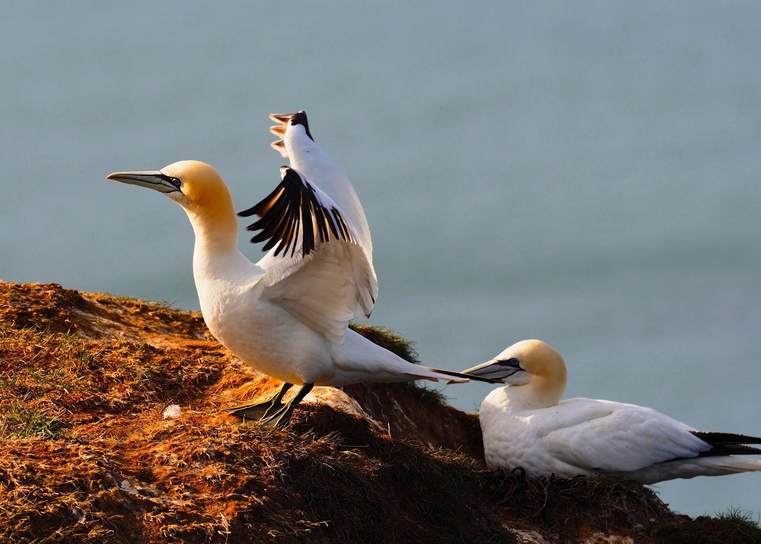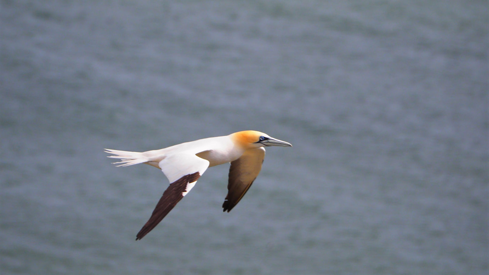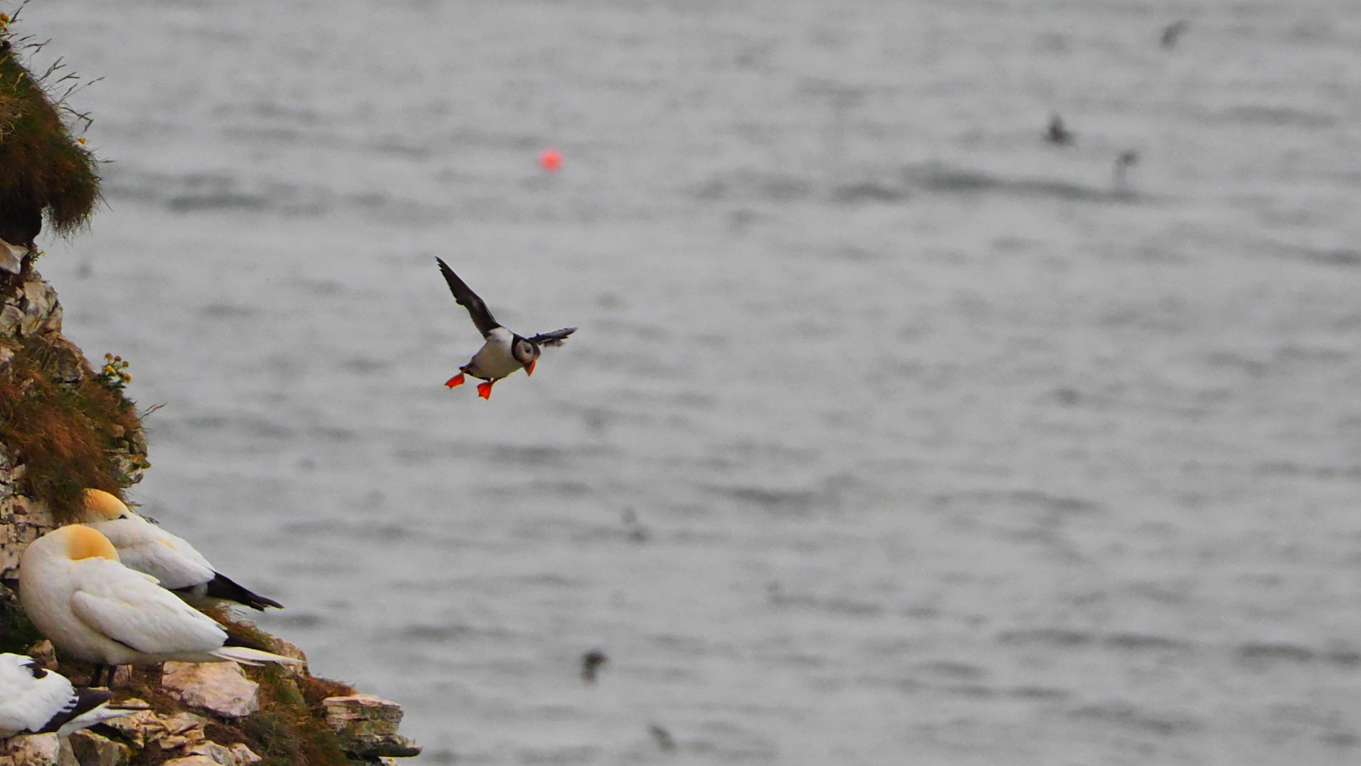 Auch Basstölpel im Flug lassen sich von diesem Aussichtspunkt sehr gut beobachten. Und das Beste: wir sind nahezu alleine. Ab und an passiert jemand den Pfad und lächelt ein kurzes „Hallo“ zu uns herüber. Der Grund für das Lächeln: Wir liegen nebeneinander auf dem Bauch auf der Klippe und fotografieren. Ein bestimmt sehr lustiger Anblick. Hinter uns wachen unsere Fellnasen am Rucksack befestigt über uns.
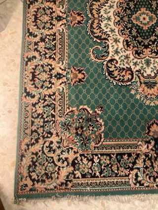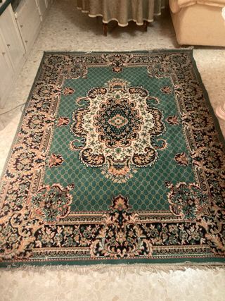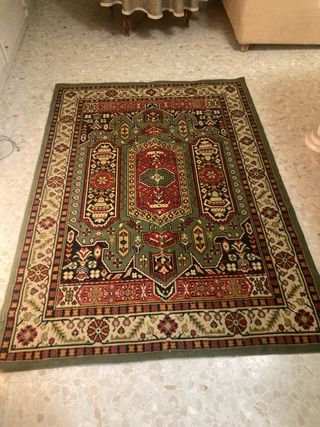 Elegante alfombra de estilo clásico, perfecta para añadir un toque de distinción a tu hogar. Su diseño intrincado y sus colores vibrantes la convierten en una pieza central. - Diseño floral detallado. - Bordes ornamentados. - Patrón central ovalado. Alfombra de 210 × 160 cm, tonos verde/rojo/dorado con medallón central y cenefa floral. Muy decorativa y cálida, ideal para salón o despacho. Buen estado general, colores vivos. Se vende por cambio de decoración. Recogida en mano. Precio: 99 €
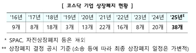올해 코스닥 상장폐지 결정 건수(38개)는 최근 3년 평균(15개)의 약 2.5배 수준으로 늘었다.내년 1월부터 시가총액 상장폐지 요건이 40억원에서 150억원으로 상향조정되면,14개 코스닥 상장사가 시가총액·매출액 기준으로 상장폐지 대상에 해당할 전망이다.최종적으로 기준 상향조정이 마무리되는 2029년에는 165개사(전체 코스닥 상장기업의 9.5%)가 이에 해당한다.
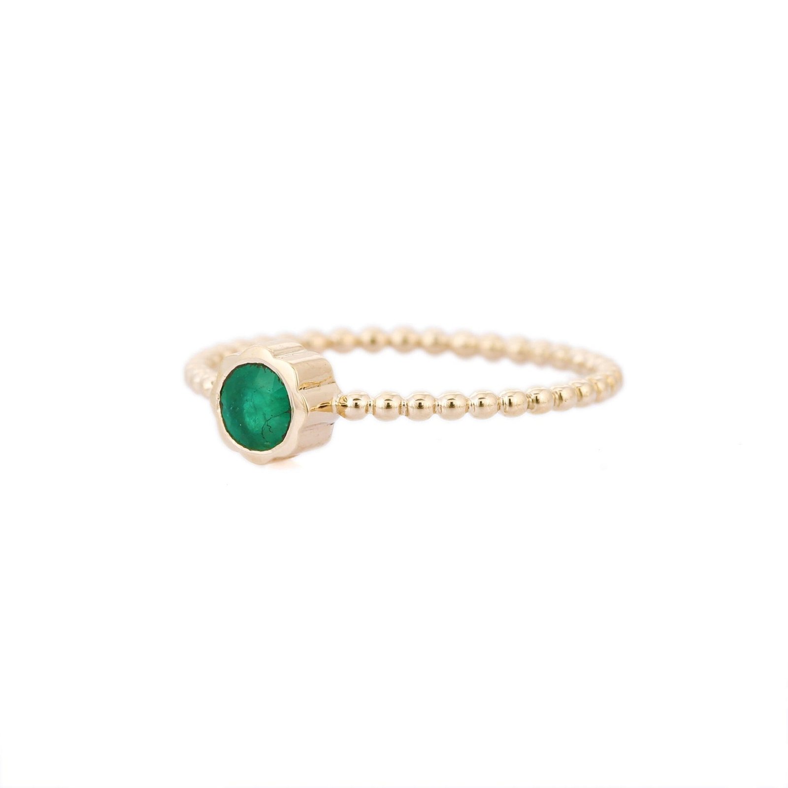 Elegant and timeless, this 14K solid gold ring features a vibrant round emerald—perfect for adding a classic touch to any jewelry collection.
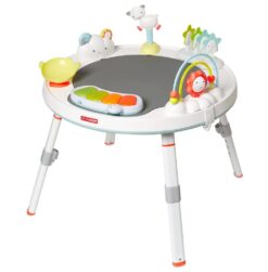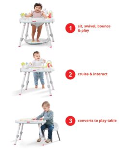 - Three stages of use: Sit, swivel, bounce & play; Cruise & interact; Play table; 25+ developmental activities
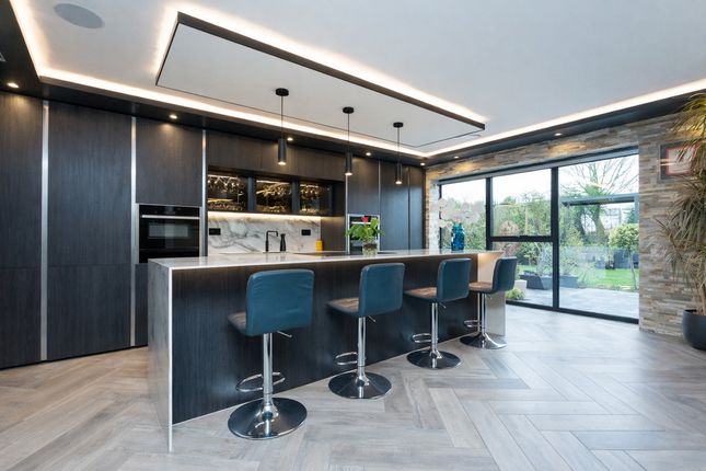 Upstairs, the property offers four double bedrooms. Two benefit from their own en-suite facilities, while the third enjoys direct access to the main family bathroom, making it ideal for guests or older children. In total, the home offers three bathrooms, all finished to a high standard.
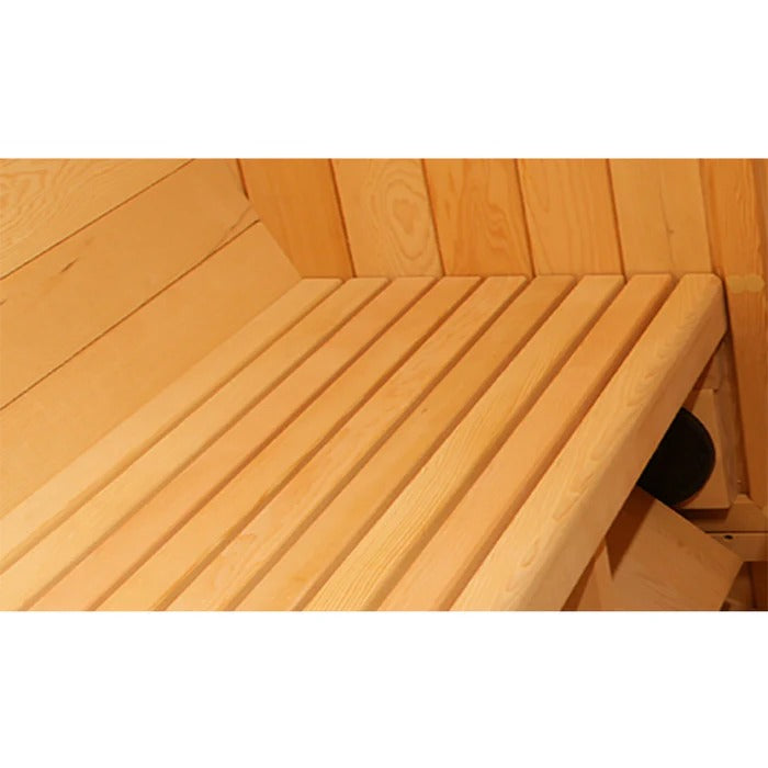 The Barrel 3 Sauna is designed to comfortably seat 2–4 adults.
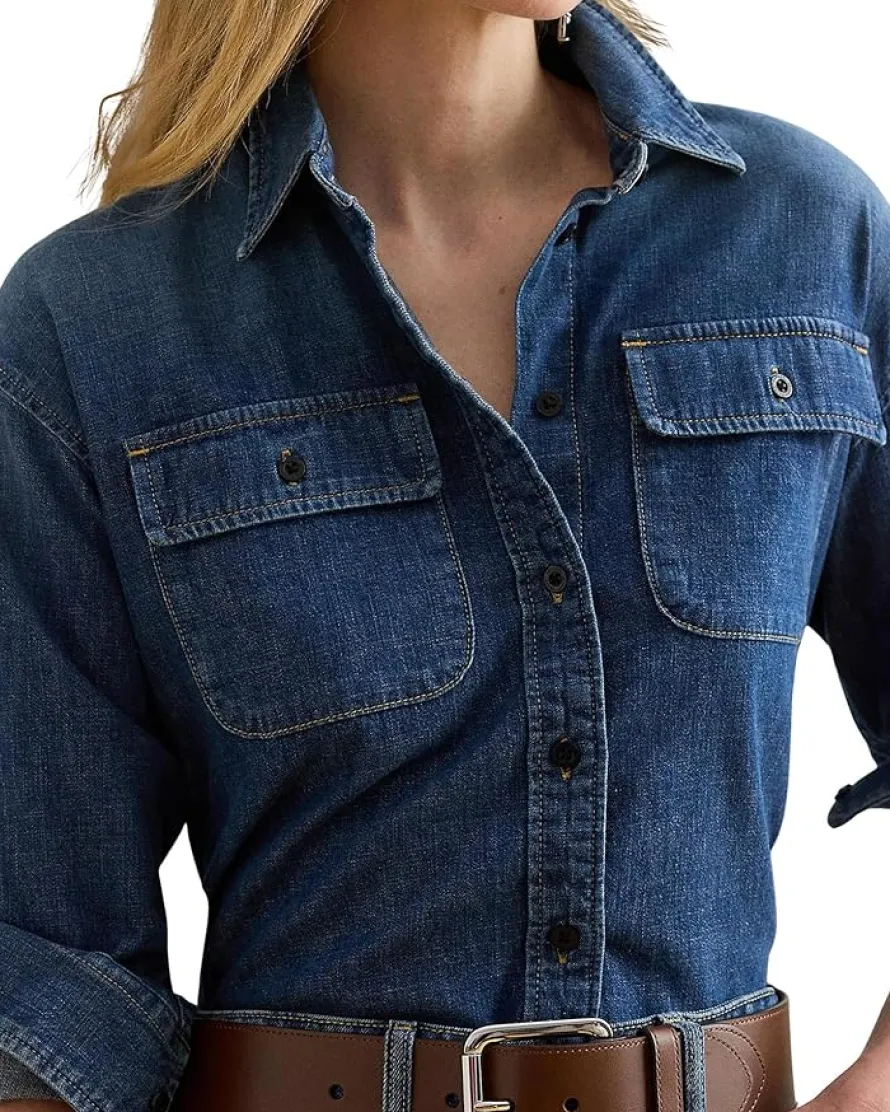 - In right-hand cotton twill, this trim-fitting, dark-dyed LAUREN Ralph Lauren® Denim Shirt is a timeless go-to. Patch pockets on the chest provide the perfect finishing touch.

EXERCISE BRIEF
Every line from the one holding "올해 코스닥 상장폐지" through the last line of the entries above, and nothing else, is to be restated word for word. Pictures stay out.

RESPONSE AREA
올해 코스닥 상장폐지 결정 건수(38개)는 최근 3년 평균(15개)의 약 2.5배 수준으로 늘었다.내년 1월부터 시가총액 상장폐지 요건이 40억원에서 150억원으로 상향조정되면,14개 코스닥 상장사가 시가총액·매출액 기준으로 상장폐지 대상에 해당할 전망이다.최종적으로 기준 상향조정이 마무리되는 2029년에는 165개사(전체 코스닥 상장기업의 9.5%)가 이에 해당한다.
 Elegant and timeless, this 14K solid gold ring features a vibrant round emerald—perfect for adding a classic touch to any jewelry collection.
 - Three stages of use: Sit, swivel, bounce & play; Cruise & interact; Play table; 25+ developmental activities
 Upstairs, the property offers four double bedrooms. Two benefit from their own en-suite facilities, while the third enjoys direct access to the main family bathroom, making it ideal for guests or older children. In total, the home offers three bathrooms, all finished to a high standard.
 The Barrel 3 Sauna is designed to comfortably seat 2–4 adults.
 - In right-hand cotton twill, this trim-fitting, dark-dyed LAUREN Ralph Lauren® Denim Shirt is a timeless go-to. Patch pockets on the chest provide the perfect finishing touch.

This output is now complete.